Sunday, January 20, 2008

Bobby Fischer, RIP

Chess immortal and onetime child prodigy Bobby Fischer died two days ago. (NYT photo to left. Please don't sue me! I mean well!) Inevitably, much of the writing about his passing has acknowledged the existence of the elephant in the middle of the room: Fischer's long, long tenure as a screwloose crank. Scroll down this article by the excellent Edward Rothstein and you'll see that some of BF's public pronouncements about the Jews make those of Hitler (if you can forget everything else you know about Adolf) seem mild by comparison. And then there was his hailing the 9/11 attacks as "wonderful news." And calling for the assassination of G. W. Bush.
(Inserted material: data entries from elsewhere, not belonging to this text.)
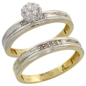 10k Gold 2-Piece Diamond Engagement Ring Set, w/ 0.09 Carat Brilliant Cut Diamonds, 1/8 in. (3.5mm) wide, Size 6.5: Jewelry
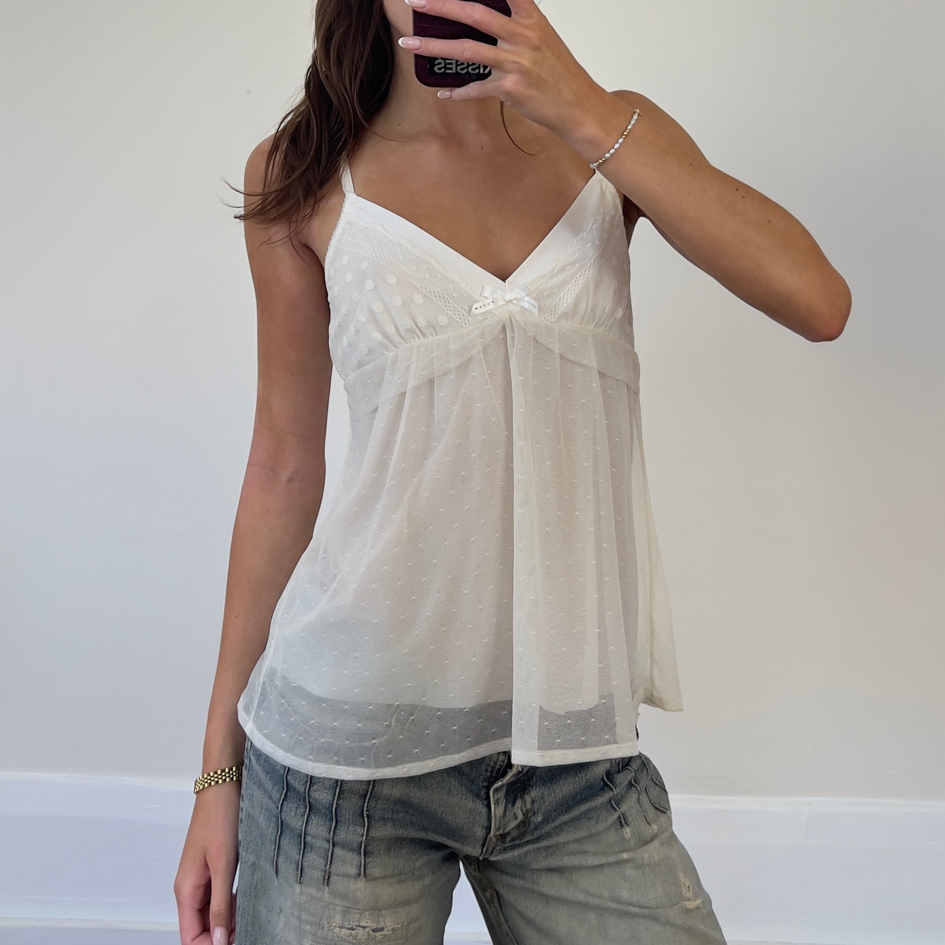 white mesh lace cami
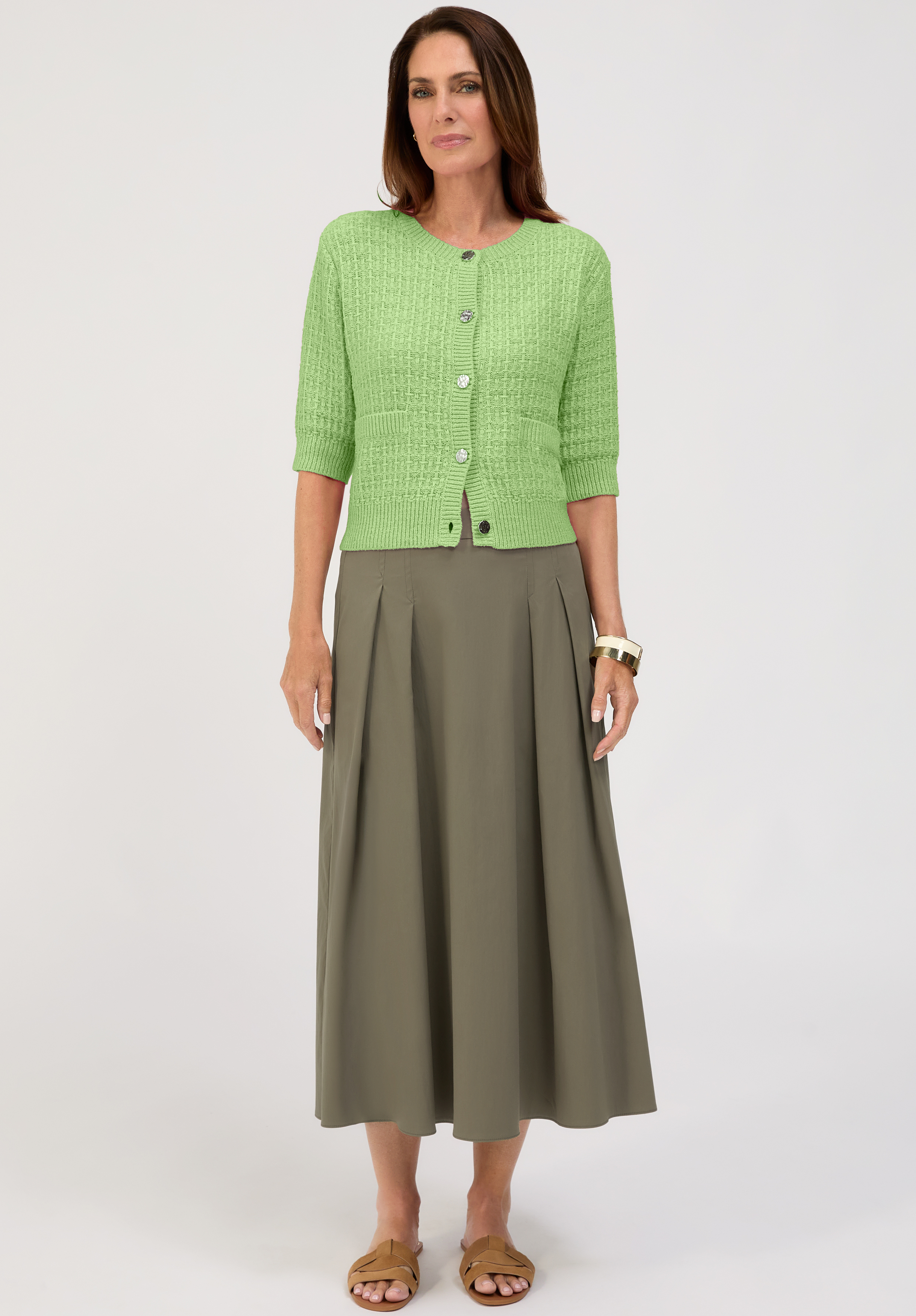 Der coole, unifarbene Schlupfrock Emma überzeugt mit modernem Design und lässiger Ausstrahlung. Falten im Vorderteil verleihen dem Rock eine schöne Bewegung, während seitliche Eingrifftaschen funktionale Akzente setzen. Der elastische Gummizug im Rückenteil sorgt für eine bequeme Passform und hohen Tragekomfort. Die lange, leicht ausgestellte Silhouette unterstreicht den femininen Look und bietet vielseitige Kombinationsmöglichkeiten. Der hochwertige Materialmix sorgt für ein angenehmes Tragegefühl im Alltag. Emma ist damit ein stilvoller Begleiter für moderne und entspannte Outfits.

Rothstein raises an interesting question: does BF's amazing weirdness have anything to do with chess? He thinks it does. Chess, like music and mathematics, is a field in which one can excel at a very early age. But it is also unlike them in a crucial way, he says:
Great music attains its power not simply through manipulation and abstraction, but by creating analogies with experience; music is affected by life, not cut off from it. Mathematics also comes up against the demands of the world, as the field opens up to understanding; early insights are tested against the full scale of what has been already been done and what yet remains undone.
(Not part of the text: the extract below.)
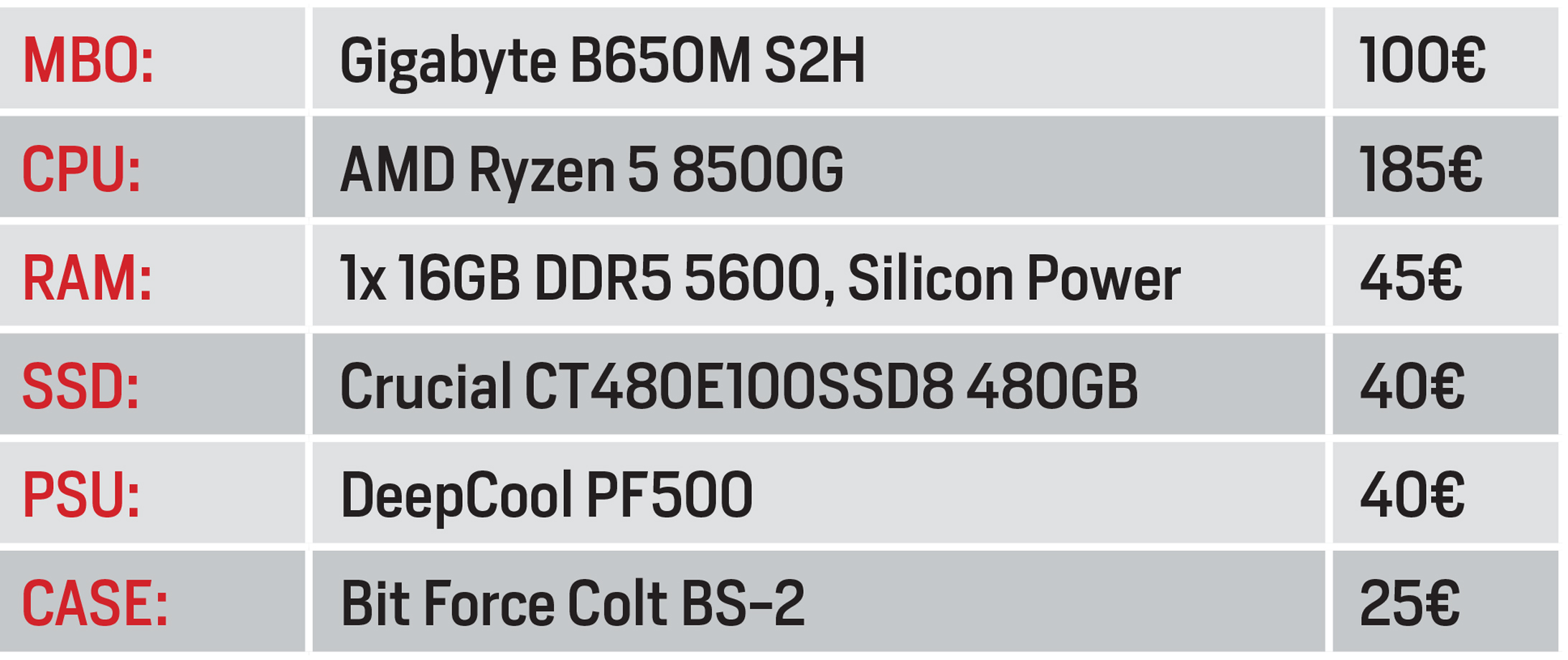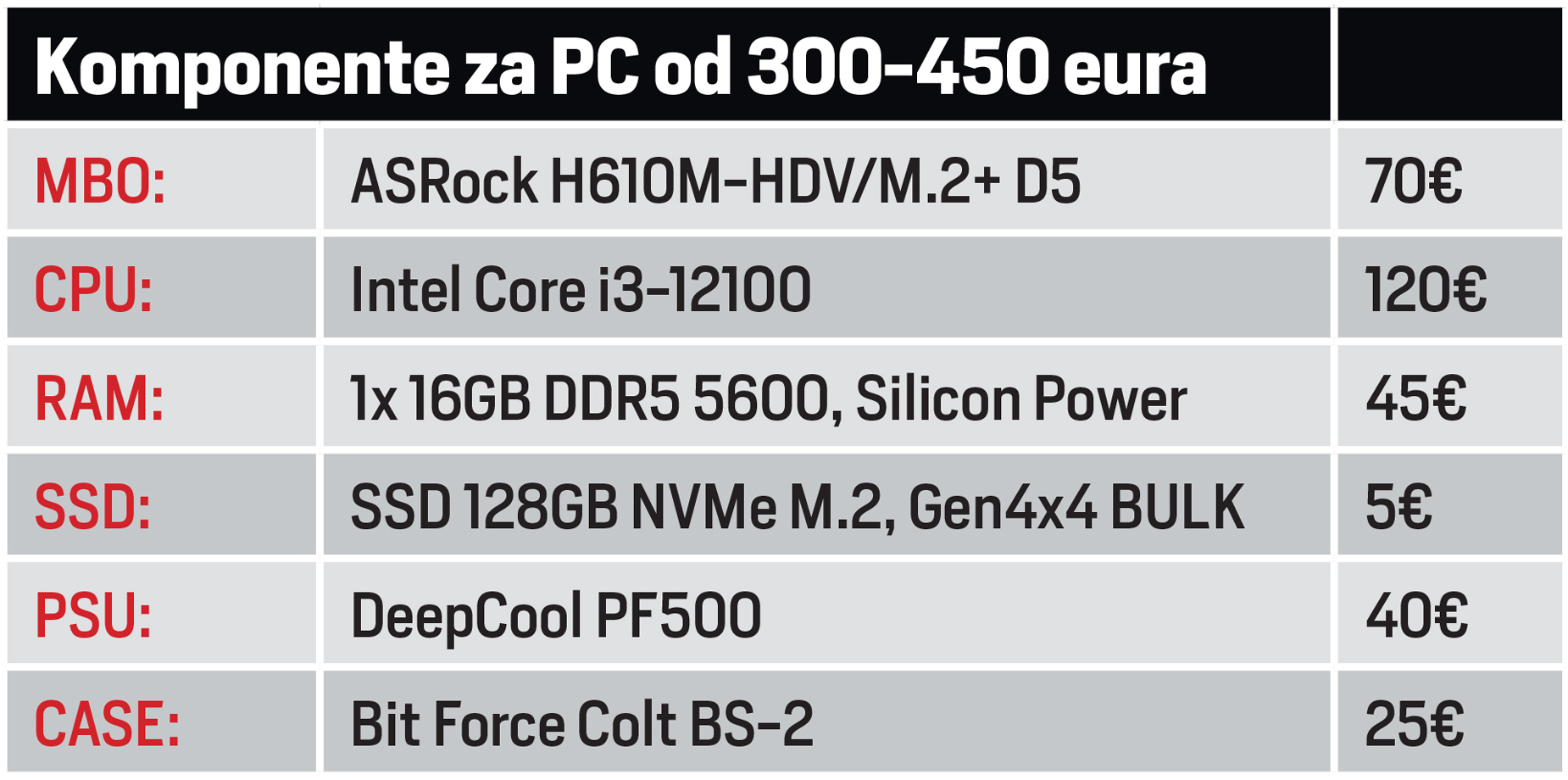 Uvijek popularna disciplina, najrudimentarnije računalo za osnovne potrebe i što manje novaca. Surfanje, office, multimedija, čak i uredska mašina bez previše potreba za pohranom. Ovakva kombinacija za okvirnih 300€ nije ni približno dno dna po pitanju mogućnosti i na kraju dana je sasvim sposobna konfiguracija. Ljudi često pitaju za savjet i strahuju da će im ovako nešto biti preslabo, ali čak i osnovne konfiguracije su danas poprilično moćne. Procesor s osam threadova, više nego dovoljan za osnovne zadaće i otvorena opcija za nadogradnje ako se kasnije pokaže potreba. Matična podržava i jače i novije modele Intel procesora (13. i 14. generacija uz potencijalni BIOS update), DDR5 RAM je aktualan i u matičnoj ima mjesta za još jedan modul. Mjesta za dodatne 2.5” ili 3.5” diskove u kućištu ima za veću mogućnost pohrane, a natapanje može akomodirati i nekakvu mid-range grafičku karticu ako jednog dana u tom smjeru krenu nadogradnje za laganije igranje u FHD formatu.

But chess, alone among this abstract triumvirate, is never tested or transformed. The only way expertise is ever tried is in victory or defeat. And if a player is as profoundly powerful as Mr. Fischer, defeat never creates a sense of limits. Seeing into a game and defeating an opponent — that defines the entire world.
I have my doubts about this, for two sorts of reasons:

Sort #1, Empirical: This would imply that the chess world contains more nut jobs than those of music or math. Does it? I certainly don't have any supporting evidence here. Chess has BF, and it had Paul Morphy (the genius who was the unofficial first world champion, and quit chess because it is "only a game" in order to become a mediocre lawyer). But music had Wagner. And Michael Jackson. And don't get me started on how many nutty mathematicians there have been.

Sort #2, A Priori: The argument seems to be that music and math include some kind of reality-check for your ideas, whereas chess does not, unless of course you lose. Which, generally, Fischer did not.

Do music and math involve checking your ideas against extramusical and extramathematical reality in the way required by this argument? I'm really not sure. If I develop a theorem that there is/is not a highest prime number, and my proof is fine according to the rules internal to the practice of math, what reality check am I ever going to get?

Also, insofar as there is an external check, it might not be the sort of thing that would influence the mind of the individual practitioner. Maybe the check is on the realm as a whole. I don't think music could exist if all would-be musicians were as emotionally stunted and out of touch as Michael Jackson. Take one look at him and you know: this guy has no idea how weird he seems to others. His ability to perceive other people's emotions is probably very poor. The sort of music that Jackson does is both simple (compare it to a string quartet, say) and structured by traditional rules and practices, so he can do very well indeed by getting around in that self-sufficient parallel universe: the world of music. He doesn't need to know much about how to get around in the emotional universe of actual, concrete human beings.

But Rothstein does have a point. As Aristotle pointed out long ago in the Nicomachean Ethics, there is a difference between the fields in which the young can excel, and those in which they cannot. The difference, he said, is that the former do not need the sort of wisdom that can only come with experience of life, and the latter do. That's a big difference. Very big.